Actions de la police : "Il y aura des conséquences pour les citoyens "

A l’heure actuelle, pas beaucoup de précisions sur les lieux ou le moment où auront lieu ces contrôles en forme de grève du zèle :  aéroports,  zonings industriels, autoroutes... 

A la base de ces actions: un mal-être général. Ce mal-être englobe le manque de moyens, le flou sur le statut de policiers et les violences verbales et physiques dont ils font l'objet...   

Vincent Gilles est le Président national du syndical SLFP, il prévient, les actions du jour auront des conséquences sur des citoyens et sur la circulation : " C’est le prix à payer,  dirais-je, pour  être dans un pays où la sécurité règne. Il faut cesser d’être hypocrites et  admettre que la police est faite pour contrôler. Et donc nous invitons tous nos collègues à contrôler un maximum. Le citoyen doit comprendre que In Fine c’est dans son intérêt parce que nous visons, ce n’est pas de devenir riches par le fait de notre profession, c’est de pouvoir rendre un service policier digne de ce nom à tous ces citoyens qu’on va contrôler aujourd’hui. "

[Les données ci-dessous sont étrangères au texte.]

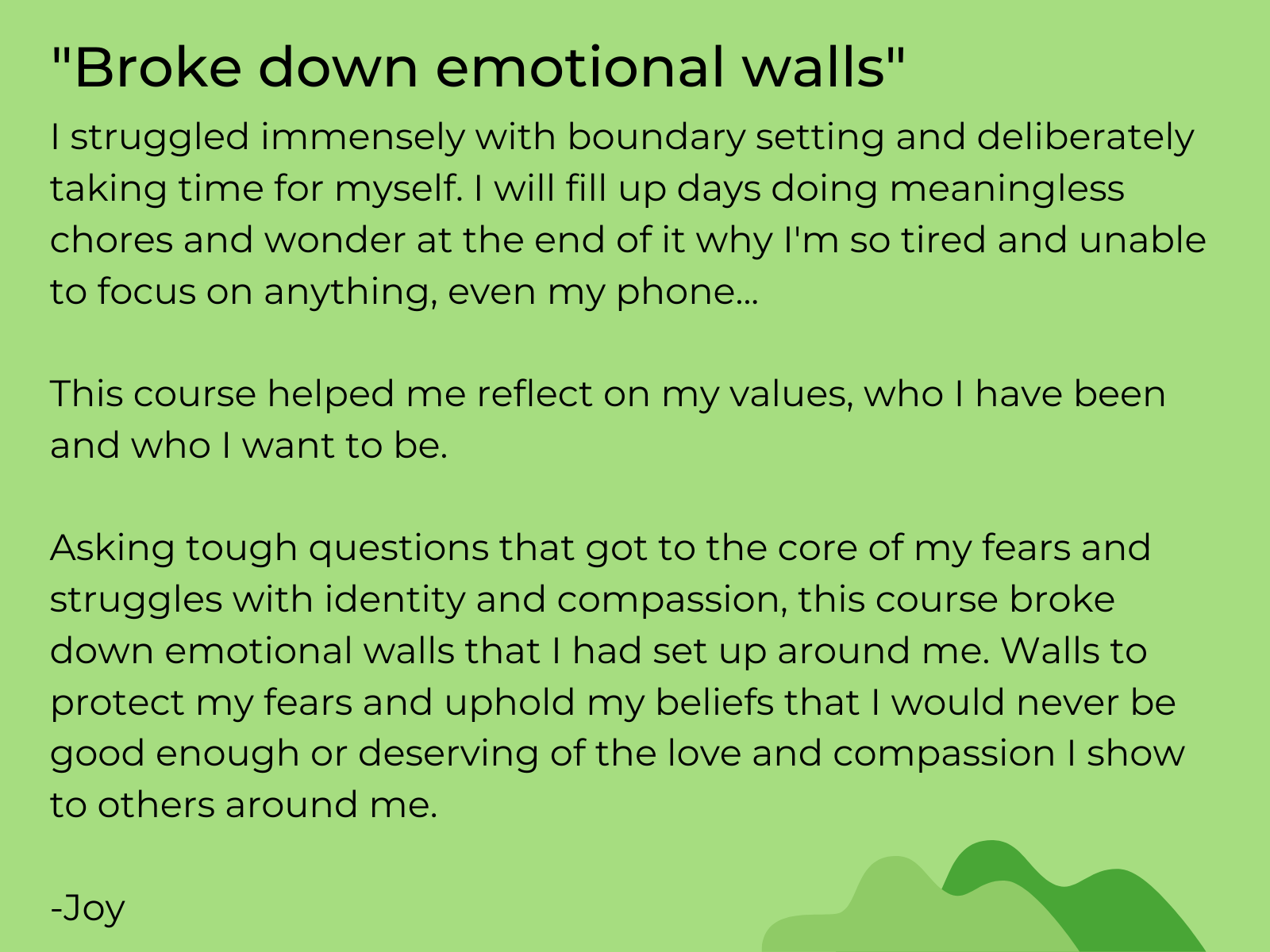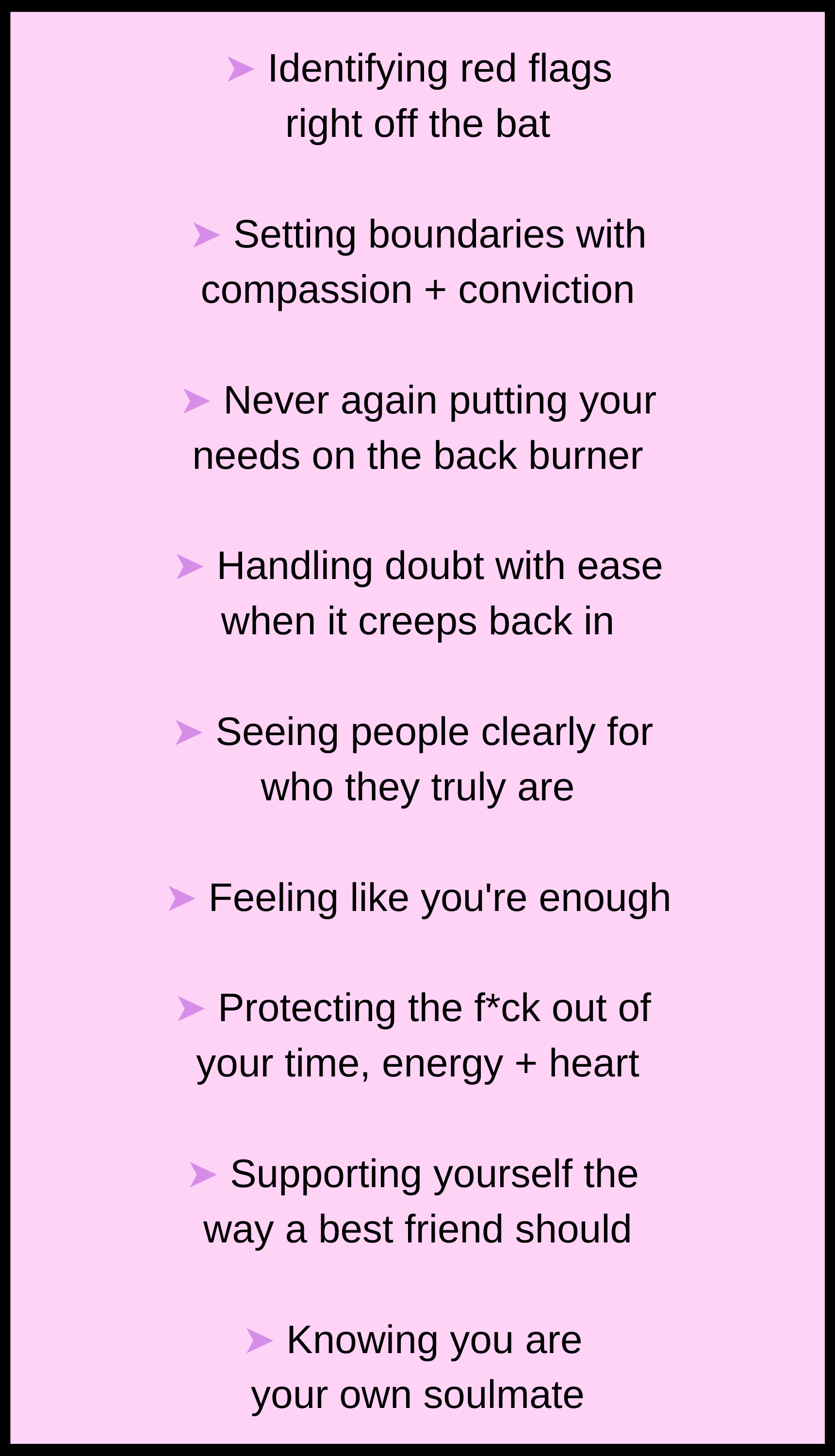 TLDR: Become Your Own Soulmate is the ultimate self-paced, online course with to-the-point teachings. Stop pouring your heart into the wrong people, set guilt-free boundaries and have indestructible faith in yourself.

Mais alors est-ce un moyen de verbaliser à tous vents aujourd’hui ? Ce n’est pas le but selon Vincent Gilles : " Imaginons que nous parlons de deux collègues de la route, de la police fédérale , s’ils estiment qu’un usager de la route a un comportement dangereux, ils l’interpellent, ils lui parle de l’infraction potentielle que cette personne a commise , ils font un contrôle évidemment d’identité de l’usager, du véhicule. Ils procèdent à des devoirs complémentaires si c’est nécessaire… Et pendant la discussion, ils informent le conducteur du mal être que les policiers vivent pour le moment ".

Si le mal-être est grand chez les policiers, force est de constater que ce matin, peu de contrôles sont signalés à l'heure où nous écrivons ces lignes....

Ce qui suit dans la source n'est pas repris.